Hi,
Not sure this is the case for your Bad Performance, but you are Meassuring Data creation and
Insertion together. Your Data creation involves Lots of class casts which are probably quite
Slow.
Try
Timing only the b.send Part and See how Long that Takes.
Roland
Am 03.05.2011 um 12:30 schrieb "charles THIBAULT" <charl.thibault@gmail.com>:
> Hello everybody,
>
> first: sorry for my english in advance!!
>
> I'm getting started with Cassandra on a 5 nodes cluster inserting data
> with the pycassa API.
>
> I've read everywere on internet that cassandra's performance are better than MySQL
> because of the writes append's only into commit logs files.
>
> When i'm trying to insert 100 000 rows with 10 columns per row with batch insert, I'v
this result: 27 seconds
> But with MySQL (load data infile) this take only 2 seconds (using indexes)
>
> Here my configuration
>
> cassandra version: 0.7.5
> nodes : 192.168.1.210, 192.168.1.211, 192.168.1.212, 192.168.1.213, 192.168.1.214
> seed: 192.168.1.210
>
> My script
> *************************************************************************************************************
> #!/usr/bin/env python
>
> import pycassa
> import time
> import random
> from cassandra import ttypes
>
> pool = pycassa.connect('test', ['192.168.1.210:9160'])
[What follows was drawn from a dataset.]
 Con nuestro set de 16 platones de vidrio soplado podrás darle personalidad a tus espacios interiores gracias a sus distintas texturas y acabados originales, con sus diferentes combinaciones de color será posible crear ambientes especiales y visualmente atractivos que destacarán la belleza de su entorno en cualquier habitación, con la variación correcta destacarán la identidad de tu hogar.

> cf = pycassa.ColumnFamily(pool, 'test')
> b = cf.batch(queue_size=50, write_consistency_level=ttypes.ConsistencyLevel.ANY)
>
> tps1 = time.time()
> for i in range(100000):
> columns = dict()
> for j in range(10):
> columns[str(j)] = str(random.randint(0,100))
> b.insert(str(i), columns)
> b.send()
> tps2 = time.time()
>
>
> print("execution time: " + str(tps2 - tps1) + " seconds")
> *************************************************************************************************************
>
> what I'm doing rong ?
|